En su tierra natal, en cambio, su público fue, durante los 22 años
de trayectoria, funcional a la inmutabilidad artística de los Ramones.
Eran “los mismos de siempre” (en cuanto a número, recambio
generacional mediante) quienes aseguraban al cuarteto una supervivencia
digna en medio del tráfico de influencias musicales, modas y escenarios
rockeros posibles. El vendaval de cambios verificados en la escena internacional
(new wave, rap, hardcore, grunge, etc) los preservó intactos e
incorruptibles, a través de sucesivos discos cuyas diferencias
entre sí solo podían ser detectadas por equipos de especialistas.

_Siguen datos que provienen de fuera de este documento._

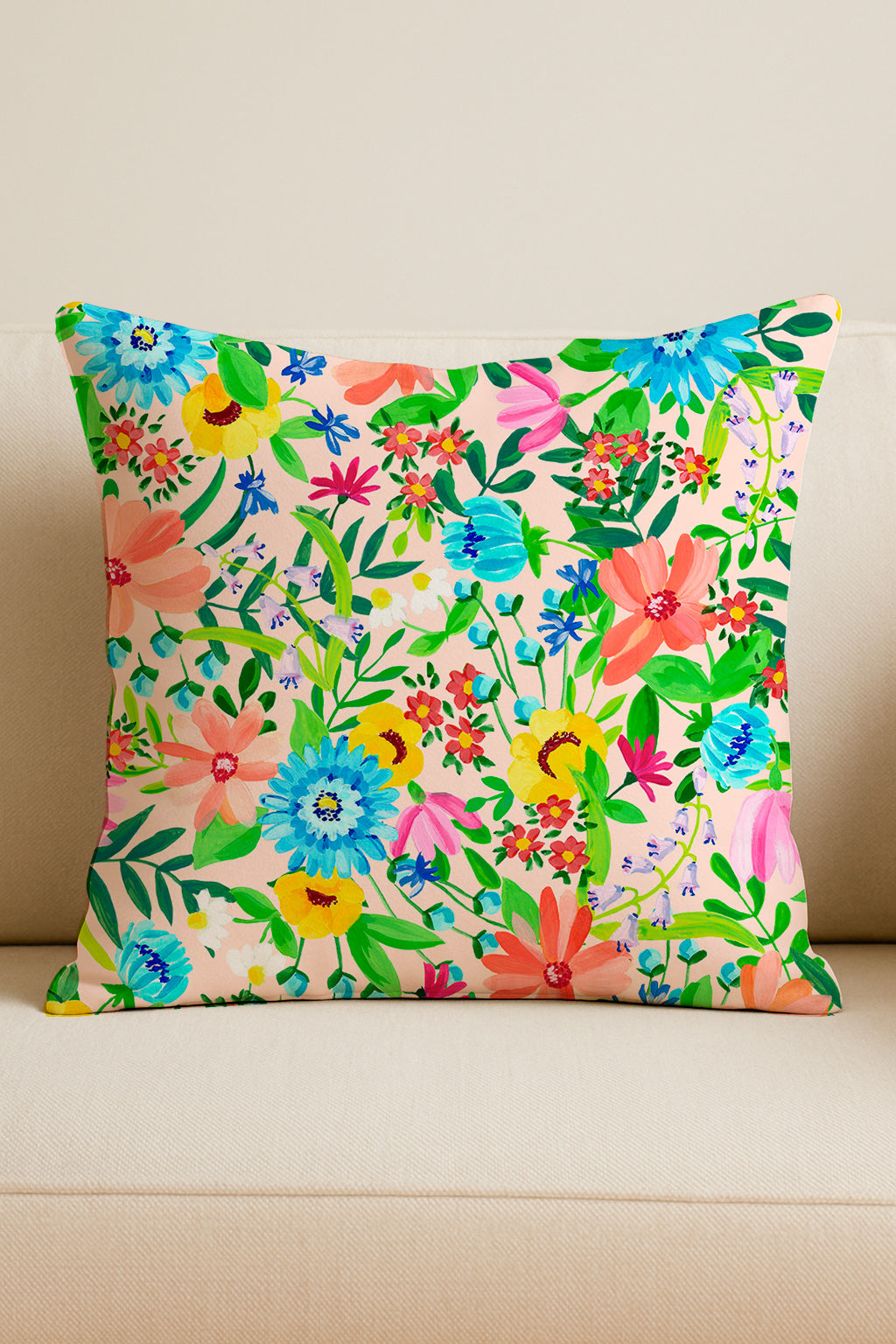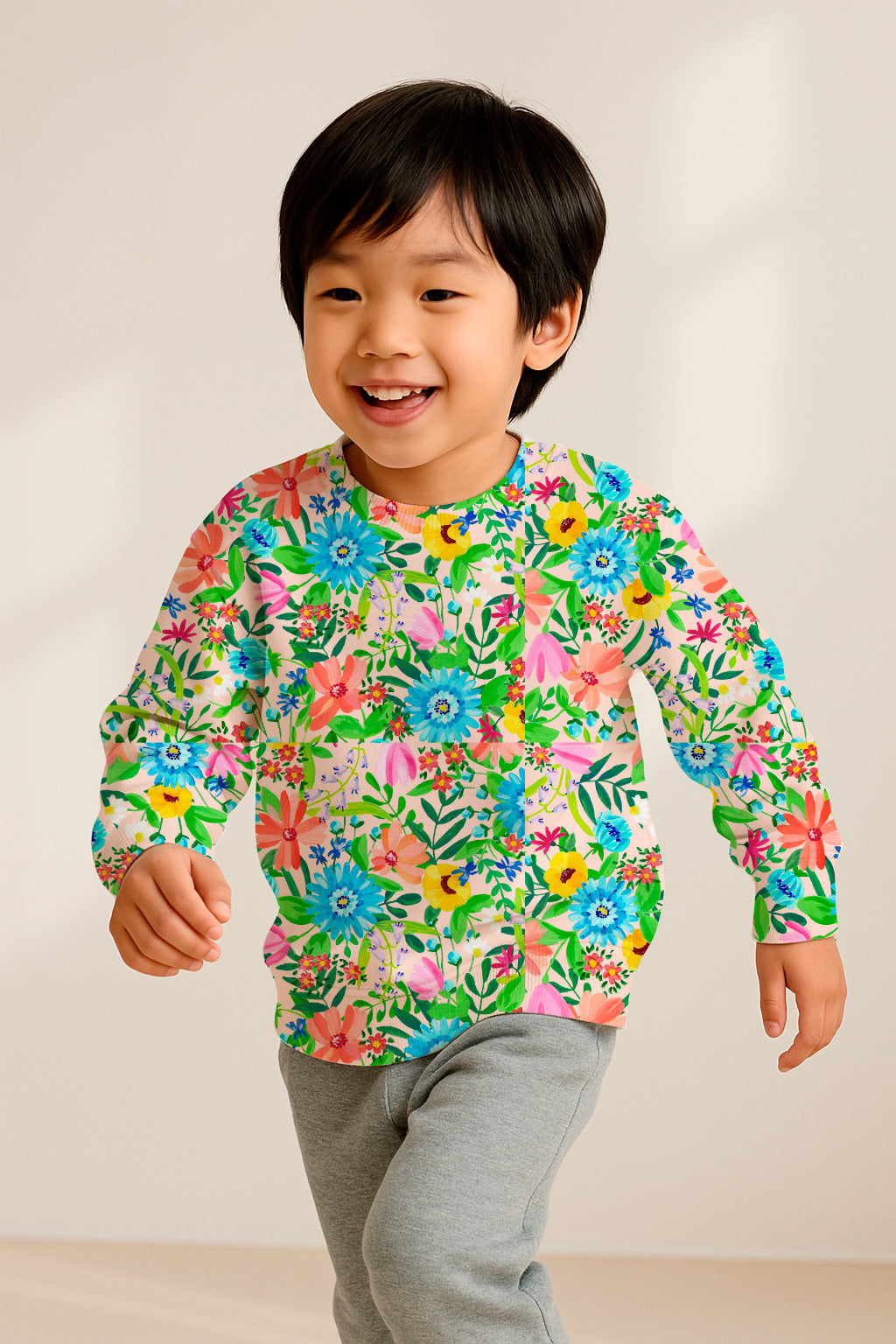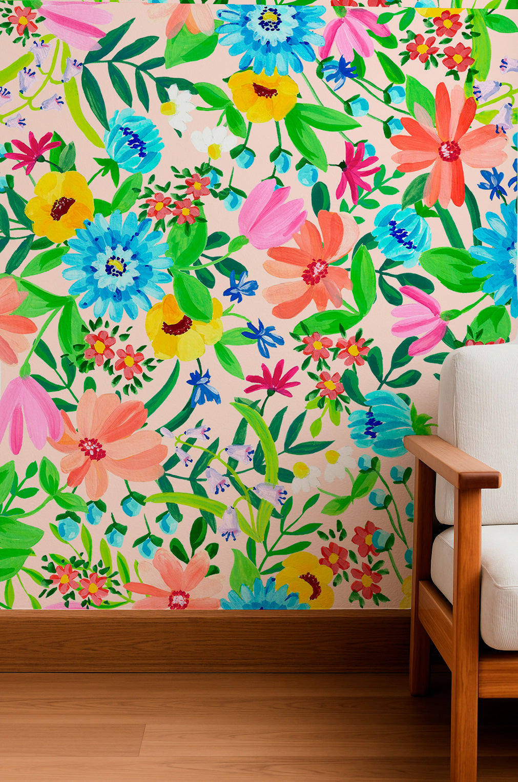 Intrincados motivos florales y de hojas inspirados en el arte popular sobre un fondo azul celeste. Paleta de colores detallada y armoniosa.
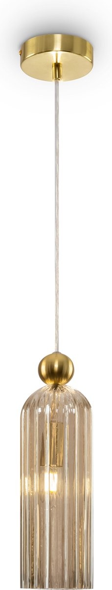Maytoni Hanglamp Antic Cognac - Ø10 cm. De Maytoni Antic hanglamp MOD302PL-01CG voegt warme, retro-chique sfeer toe met gegoten cognackleurig glas en messingkleurige details. Slanke cilinder (Ø10 cm) en in hoogte verstelbaar tot 180 cm voor perfecte plaat
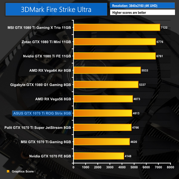 It's a good start for the Strix GTX 1070 Ti – it proved faster than both the MSI and Palit GTX 1070 Tis across all three 3DMark tests.
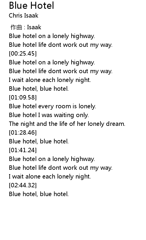 | [00:40.30] | Blue hotel on a lonely highway. |
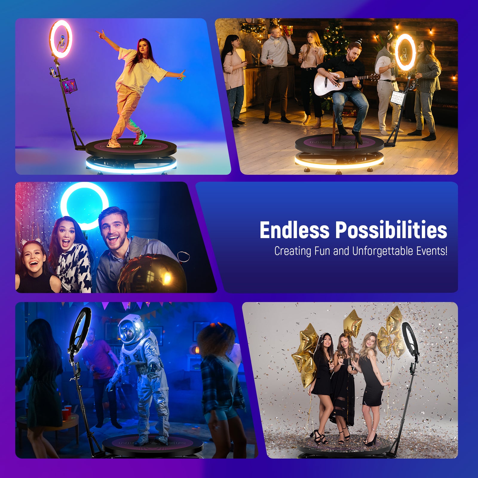 - Scènes applicables : Diffusion en direct, fêtes, célébrations de magasins, expositions, mariages, réunions de famille, studios de photographie, prises de vue scéniques, etc.
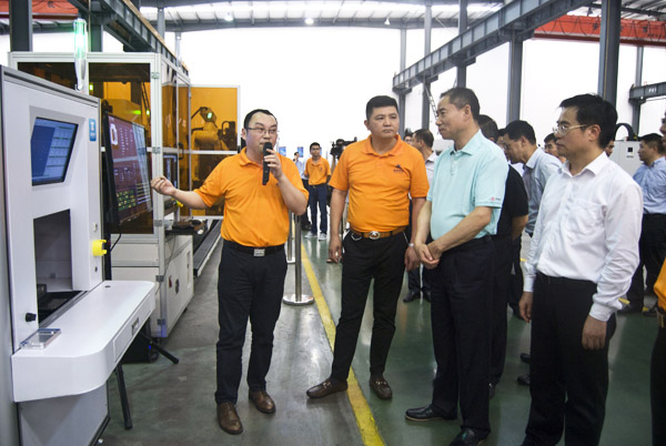 在參觀車間的過(guò)程中,嘉泰數(shù)控董事長(zhǎng)蘇亞帥向辛國(guó)斌副部長(zhǎng)一行介紹了公司的發(fā)展方向、產(chǎn)品技術(shù)、自主研發(fā)能力及產(chǎn)品的應(yīng)用領(lǐng)域和發(fā)展現(xiàn)狀,詳細(xì)匯報(bào)了公司近年來(lái)加快向“智能一代”邁進(jìn)、加快創(chuàng)新技術(shù)研發(fā)、深化產(chǎn)學(xué)研合作、積極承擔(dān)數(shù)控一代龍頭企業(yè)責(zé)任、深入推進(jìn)“互聯(lián)網(wǎng)”和“智能制造”方面的新舉措。聽(tīng)了蘇董的介紹,辛國(guó)斌副部長(zhǎng)勉勵(lì)嘉泰數(shù)控多對(duì)標(biāo)國(guó)際先進(jìn)技術(shù),借鑒成功經(jīng)驗(yàn),增加核心競(jìng)爭(zhēng)力,培育更多有自主知識(shí)產(chǎn)權(quán)和市場(chǎng)競(jìng)爭(zhēng)力的產(chǎn)品,探索工業(yè)發(fā)展創(chuàng)新模式,把推進(jìn)智能制造作為培育工業(yè)增長(zhǎng)的新動(dòng)力及提高生產(chǎn)效率和提升質(zhì)量的重要舉措,努力實(shí)現(xiàn)彎道超車。 智能制造示范車間里,擁有自適應(yīng)能力的智能機(jī)器人、智能檢測(cè)設(shè)備以及成熟運(yùn)用的數(shù)字化工廠平臺(tái)系統(tǒng)吸引了辛國(guó)斌副部長(zhǎng)一行。他詳細(xì)詢問(wèn)各個(gè)環(huán)節(jié)的技術(shù)關(guān)鍵點(diǎn),給出指導(dǎo)意見(jiàn),并鼓勵(lì)嘉泰數(shù)控要堅(jiān)持自主研發(fā),繼續(xù)創(chuàng)造中國(guó)style。辛國(guó)斌副部長(zhǎng)還仔細(xì)了解了嘉泰數(shù)控采用超聲波輔助加工及多種智能傳感器結(jié)合的新產(chǎn)品——超聲波加工中心,并與嘉泰數(shù)控相關(guān)項(xiàng)目的技術(shù)專家探討該設(shè)備針對(duì)特種材料加工的技術(shù)問(wèn)題,且當(dāng)場(chǎng)提出很多寶貴的指導(dǎo)意見(jiàn)。 國(guó)家工信部副部長(zhǎng)辛國(guó)斌與嘉泰數(shù)控相關(guān)項(xiàng)目的技術(shù)專家探討關(guān)于特種材料加工的技術(shù)問(wèn)題
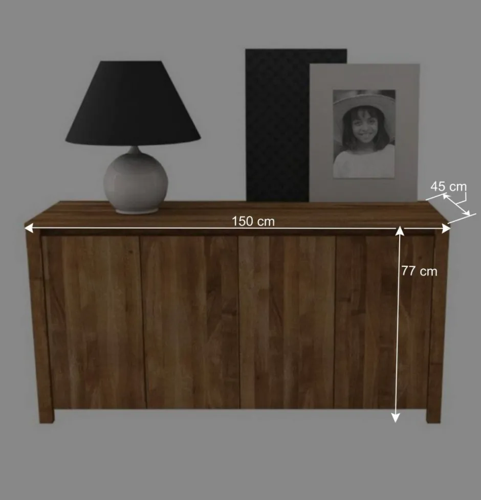 Mit einer Breite von 150 cm, einer Höhe von 77 cm und einer Tiefe von 45 cm bietet das Sideboard „Nadalia“ ausreichend Stauraum für Ihre persönlichen Gegenstände. Hinter den beiden geräuscharmen Soft Close Doppeltüren verbergen sich Einlegeböden, die für eine optimale Organisation sorgen. Die grifflosen Türen mit Griffmulden sind nicht nur praktisch, sondern verleihen dem Sideboard auch eine moderne Note.
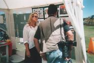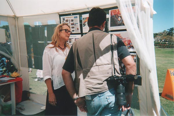星期天一早,我们就开始在指定地点布置场地。这个场地离主要活动地区比较远,不十分理想,但正当我们的布置工作快结束时,一位组织人员走过来说她可以给我们一个更好的场地。我们过去一看,那个场地非常理想,离舞台很近,很多重要活动都在那儿举行,就立刻决定把我们的展台迁移过去。当天,所有来舞台听音乐看舞蹈的人群都能看到大法展台,索取资料也很方便。
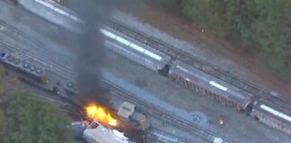 Un tren que transportaba miles de galones de diesel se descarrila...

Tenían un título nobiliario: habían inventado el
punk. Es cierto que en algún momento de sus carreras cometieron
el desliz de sonar (en estudio) medianamente bien, pero bastaba verlos
en escena para comprobar la naturaleza incorregible de sus acoples, su
minimalismo inalterable, su desprolijidad visceral.
De tan rebeldes eran auténticamente conservadores. En tiempos de
gigantismos del tipo Emerson, Lake & Palmer, ellos reivindicaban a
héroes musicales de los 50, como Little Richard y Eddie Cochran.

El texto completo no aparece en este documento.